Friday, November 02, 2007

Planet Purgatory: Part II

Research any of the skeptics on global warming, and the name Fred Singer is sure to pop up. Among his many publications, Dr. Singer recently co-authored a book Unstoppable Global Warming: Every 1500 Years.

As Don Erler notes in his recent editorial, Singer has a burr in his saddle about Al Gore.

Singer has called Gore's movie, An Inconvenient Truth, most "bunk," based on "really shoddy" science. For example, in attempting to show that global warming (which nobody denies) is man-made, Gore uses a "trick" by pointing to glaciers melting. According to Singer, "any kind of warming, from whatever cause, will melt ice. Whether it's natural or man-made warming, the ice doesn't care."

Now it's interesting that Erler concedes that global warming is now an accepted fact. Because Dr. Singer is on record denying that the earth's temperature is increasing. From a letter in 1998, Singer claims:

The weather satellite data, the only truly global data set we have, actually show a global cooling trend during the past 19 years.

And again, in testimony before the Senate Committee on Commerce, Science, and Transportation in July of 2000:

There is no Appreciable Climate Warming. Contrary to the conventional wisdom and the predictions of computer models, the Earth's climate has not warmed appreciably in the past two decades, and probably not since about 1940.

Of course, Dr. Singer's testimony came before the sea change in public attitude that resulted once Hurricane Katrina gave us a preview of coming attractions. So now the skeptics are willing to admit that global warming is a fact, while still denying that human activity has anything to do with it. And as for shoddy science, Singer has been known to solicit a few critics himself. A climate scientist at realclimate provided a rebuttal of Singer's key points:

The existence of climate changes in the past is not news to the climate change scientific community; there is a whole chapter about it in the upcoming IPCC Scientific Assessment. Nor do past, natural variations in climate negate the global warming forecast. Most past climate changes, like the glacial interglacial cycle, can be explained based on changes in solar heating and greenhouse gases, but the warming in the last few decades cannot be explained without the impact of human-released greenhouse gases. Avery was very careful to crop his temperature plots at 1985, rather than show the data to 2005.

As a paid gun for corporate interests, Singer isn't new to attempts to influence public policy on controversial issues.
In 1995, as President of the Science and Environmental Policy Project (a think tank based in Fairfax, Virginia) S. Fred Singer was involved in launching a publicity campaign about "The Top 5 Environmental Myths of 1995," a list that included the U.S. Environmental Protection Agency's conclusion that secondhand tobacco smoke is a human carcinogen.
Singer claims his studies are non-partisan, but he has extensive ties to the fossil fuel industry. Erler suggests that we should ignore the money being paid by these vested interests because the amount is insignificant.
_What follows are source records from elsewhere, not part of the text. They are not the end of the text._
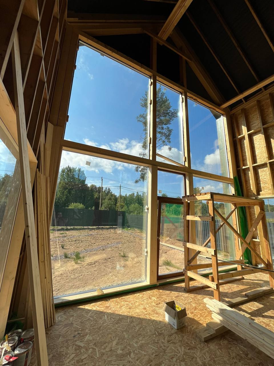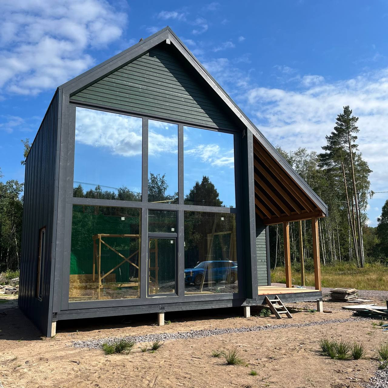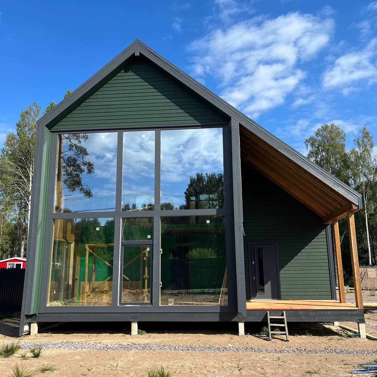 Дом находится рядом с лесом и рекой. Сейчас еще ведутся завершающие строительные работы, но вы уже можете осмотреть готовое изделие.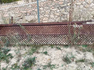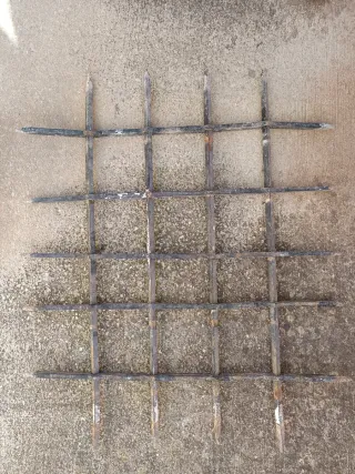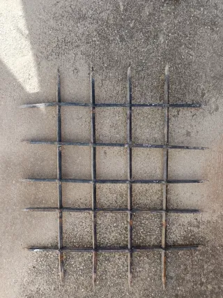 Reja antigua de hierro forjado, ideal para decoración o proyectos de restauración. - Necesita de unos puntos de soldadura. - Fabricada en hierro. - Diseño de barras cuadradas.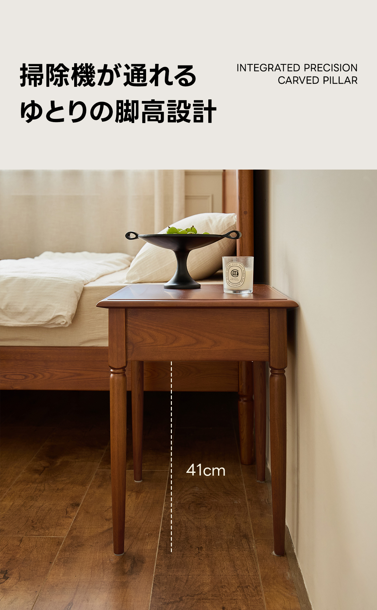 - 【快適な使用体験】高さ41cmの脚は、掃除機が通りやすい設計になっており、掃除も簡単です。手作業で仕上げた色味と4層構造の保護仕上げにより、美しい表面を保ちます。ウォールナット調の環境配慮型塗装が施され、レトロで落ち着いた色合いが特徴です。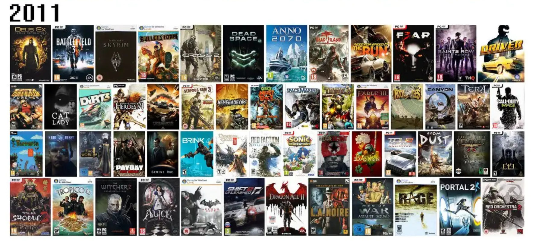 Самый лучший год для шутеров был 15 лет назад, тогда в один год вышли такие винчики, как: Killzone 3, Resistance 3, Bulletstorm, Duke Nukem Forever, Rage, Crysis 2, Battlefield 3, Dead Space 2, Serious Sam 3, Call of Duty: Modern Warfare 3.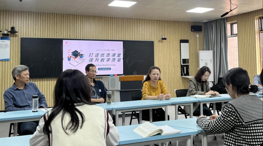 吴玲院长在会上指出了本学期思政课课堂教学中存在的问题,并就教师如何坚守思政课课堂底线提出明确要求:一是要具有端正认真的教学态度,这是上好课的基础;二是要杜绝水课、打造金课,严守政治底线。她强调,我们要严格按照教育部关于《普通高等学校十大买球的正规网站建设标准(2023年版)》对标对表搞建设,坚守底线、守正创新,为把学院建设成为合格有特色的十大买球的正规网站贡献每位马院人自己的力量。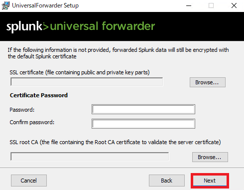 (4) 必要に応じてSSLの証明書を設定する。今回は何も設定せずに「Next」をクリックする。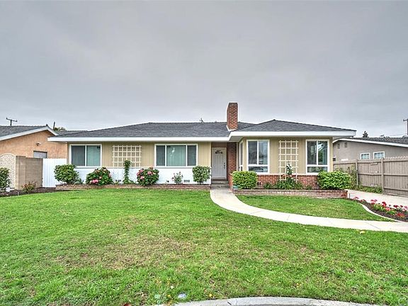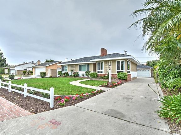 Charming Garden Grove home, complete with a white fence around the property, on a beautiful tree lined street. The home has wood flooring throughout with ceramic tile in the kitchen and both bathrooms. The entire home has had a complete remodel from top to bottom; including central air and heat, electricity, plumbing and roof. Home has two fireplaces, one in the living room and one in the great room. All rooms have recessed lighting with ceiling fans in the three bedrooms, dining area and great room. The kitchen is amazing and will definitely be the place to be! It's huge, open floor plan, granite counter tops, flows into the great room both having direct view to the back yard. Both bathrooms have been completely remodeled, granite counter tops with porcelain tiles on the floors and in both showers. The backyard has an adorable play house, painted to match the main home, the kids will have hours of fun and parents can watch from the backyard, the great room or kitchen. The backyard has a covered patio perfect for entertaining, several fruit trees, along with an active avocado tree. The detached 2 car garage sits at the end of a very long driveway, also with a new roof. This home has it all, completely remodeled and gorgeous!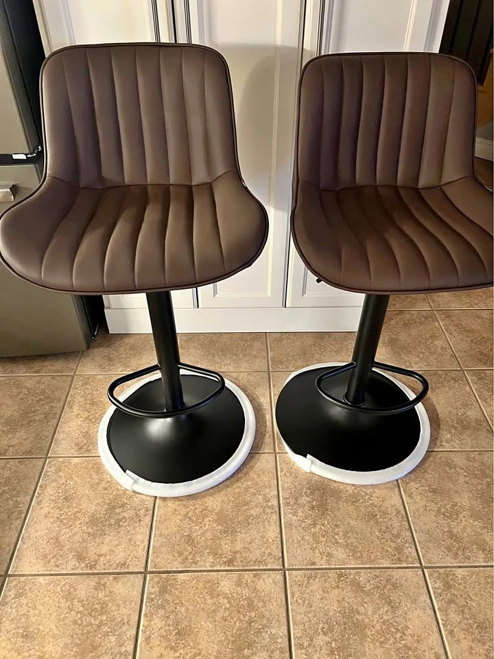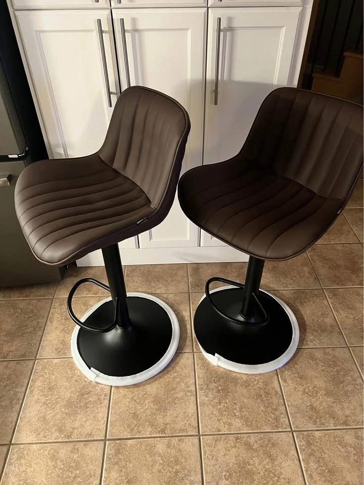 They swivel, you can adjust the height and they have a foot rest! These are brand new!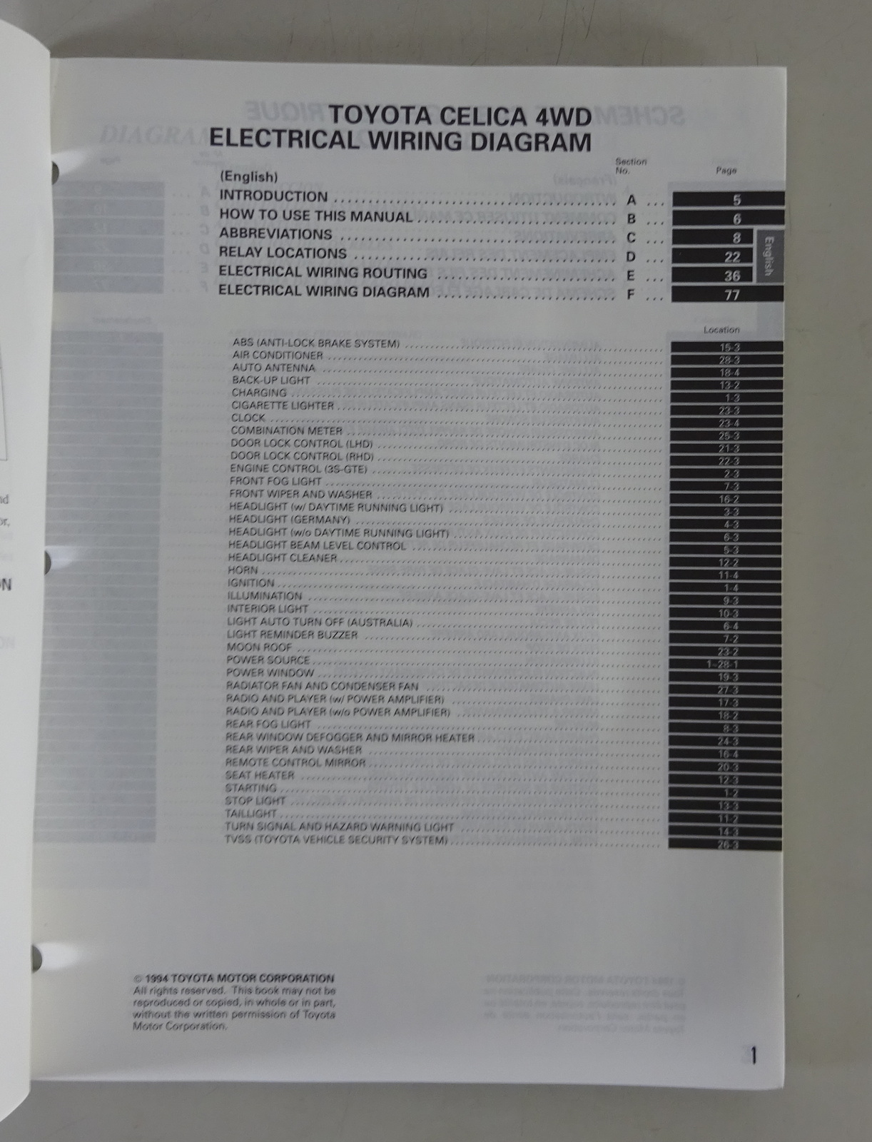 Workshop Manual Toyota Celica 4WD electrical wiring diagram Supplement 02/1994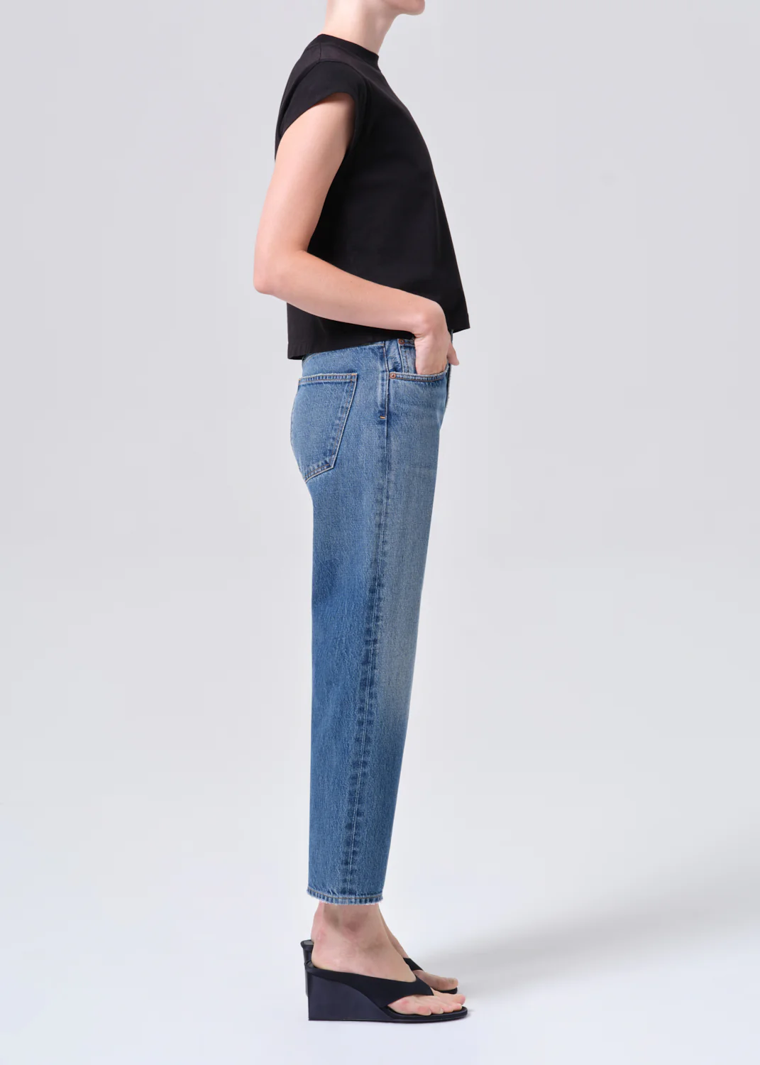 An updated take on a best-selling favorite, the 90’s Crop Jean offers a relaxed vintage-inspired fit with a modern cropped inseam. Designed in a medium classic washed indigo, this mid-rise style sits easy at the waist and falls into a loose straight leg for an effortlessly laid-back silhouette. Crafted from non-stretch regenerative cotton denim with a soft hand feel, it provides all day comfort while maintaining its authentic denim structure.

His article doesn't include specifics, but the money appears to come from several sources.
In a February 2001 letter to the Washington Post, Singer denied receiving funding from the oil industry, except for consulting work some 20 years prior. SEPP [Science and Environmental Policy Project], however, received multiple grants from ExxonMobil, including 1998 and 2000. In addition, Singer's current CV on the SEPP website states that he served as a consultant to several oil companies. The organizations Singer has recently been affiliated with - Frontiers of Freedom, ACSH, NCPA, etc. - have received generous grants from Exxon on an annual basis.
On the one hand is the testimony of a handful of industry shills, and on the other, decades of research by hundreds of the world's most prominent scientists. Denyers like Erler want you to believe that this constitutes a balanced debate.

Unless we are willing to educate ourselves at least somewhat on the science behind global warming, we will remain vulnerable to the snake oil sold by hucksters like Singer. When you weigh these arguments, it's important to remember what's at stake. As Joseph Romm describes it in Hell and High Water:
If we permit this Planetary Purgatory to occur, the nation and the world would be forced to begin a desperate race against time-- a race against the vicious cycles in which an initial warming causes changes to the climate system that lead to more warming, which makes adapting to climate change a never-ending, ever-changing, expensive, exhausting struggle for our children, and their children, and on and on for generations.
Surely the greatest threat to face humankind since the threat of nuclear annihilation warrants moving past the increasingly marginalized skeptics and their phony debates to a discussion of the hard choices we may face in the very near future.